Edmund C. Flynn

Realtor, Volunteer for Many Causes    
Washington Post Staff Writer;  Joe Holley
   Saturday, June 21, 2008
  Edmund Clohan Flynn, 84, a Washington area Realtor whose company was instrumental in introducing cooperative apartments to the area, died June 10, of chronic obstructive pulmonary disease at Shady Grove Adventist Hospital. He    was a Rockville resident.The first U.S. cooperative was organized in New York City in the 1880s. Mr. Flynn's father, Edmund J. Flynn, introduced cooperative ownership to the Washington area in 1920, and Mr. Flynn joined the company after World War II.
  The company's projects over the years included Hampshire Gardens (now a historic landmark), the Broadmoor, Harbour Square, Sudbury Place, Kenwood House, Potomac Plaza, Hamlet Place and Woodley Gardens.
Edmund Flynn's company helped introduce cooperative apartments in the area, including Hampshire Gardens, now designated a landmark.                                             (Family Photo)
  Mr. Flynn was born in Washington and graduated from  Roosevelt High School in 1941. He attended Georgetown University for two years until the Army drafted him and sent him to Harvard University to study Chinese.
  He served first as a military policeman and then as an interpreter in China with the China Theater Search Detachment, an effort to find missing American airmen.
  He remained interested in China for the rest of his life -- working to perfect writing Chinese characters, visiting the country in 1985 and      persuading his granddaughter to major in Chinese in college.
  After his discharge from the military, he attended the University of Chicago for two years and then joined the family business. He took over the company in the early 1960s and remained as president until retiring in 1985.
  A master gardener trainer, he volunteered for the University of Maryland Cooperative Extension Service. He received awards and citations from Montgomery County, the Men's Garden Club and the Agriculture Extension Service.
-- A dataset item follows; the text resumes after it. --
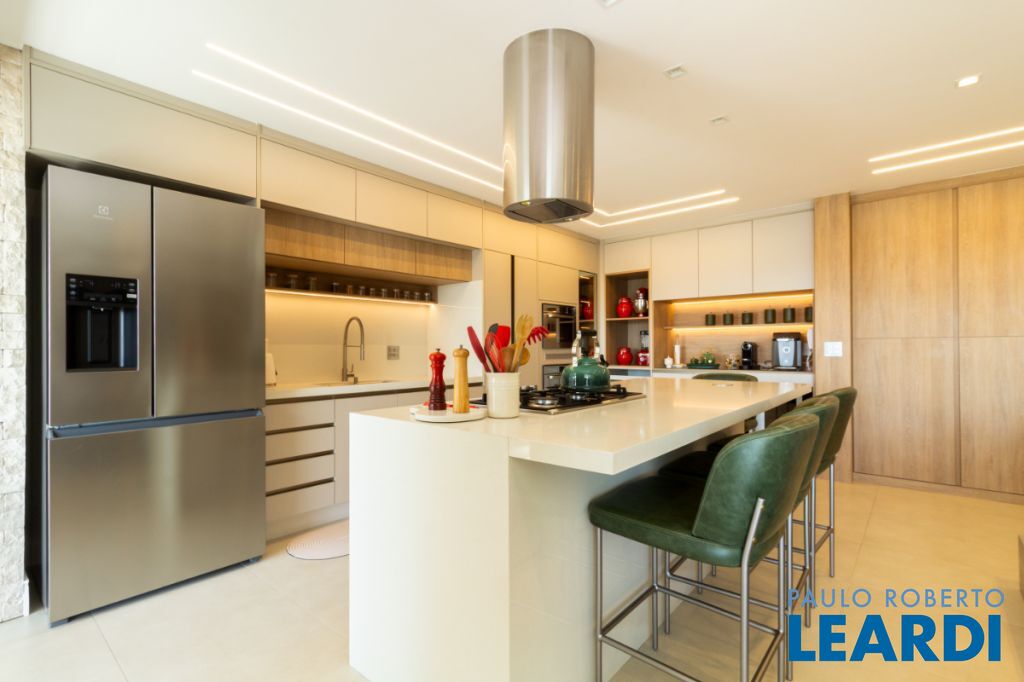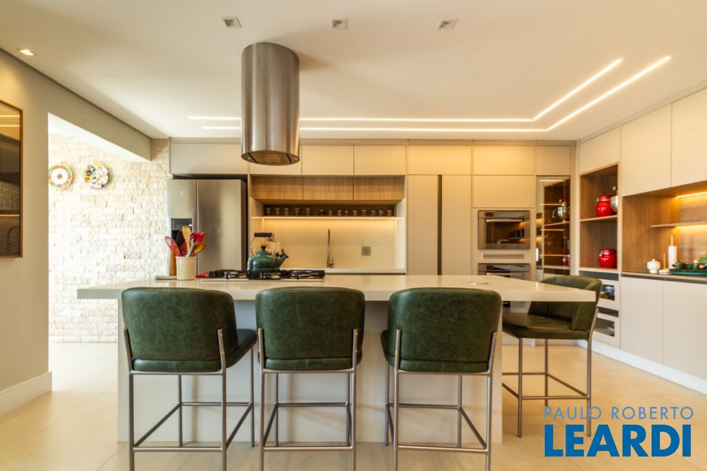 Cozinha em ilha com eletrodomésticos embutidos (coifa, forno e cooktop).

  Mr. Flynn also enjoyed shooting crows and fowl on the Eastern Shore. He was an inveterate writer of letters to the editor, once describing in explicit terms his love of hunting birds.
  He was active in the civil rights movement in the 1960s and in the antiwar movement until the Vietnam War ended in 1975. He also worked with Laubach Literacy Action as a tutor and with Amnesty International as a volunteer. He was a founding member of the North Bethesda Camera Club and a member of the American Civil Liberties Union.
  Survivors include his wife of 52 years, Una E. Flynn of Rockville; two children, Dennis C. Flynn of Rockville and Sharon Tobing of Beltsville; and four grandchildren.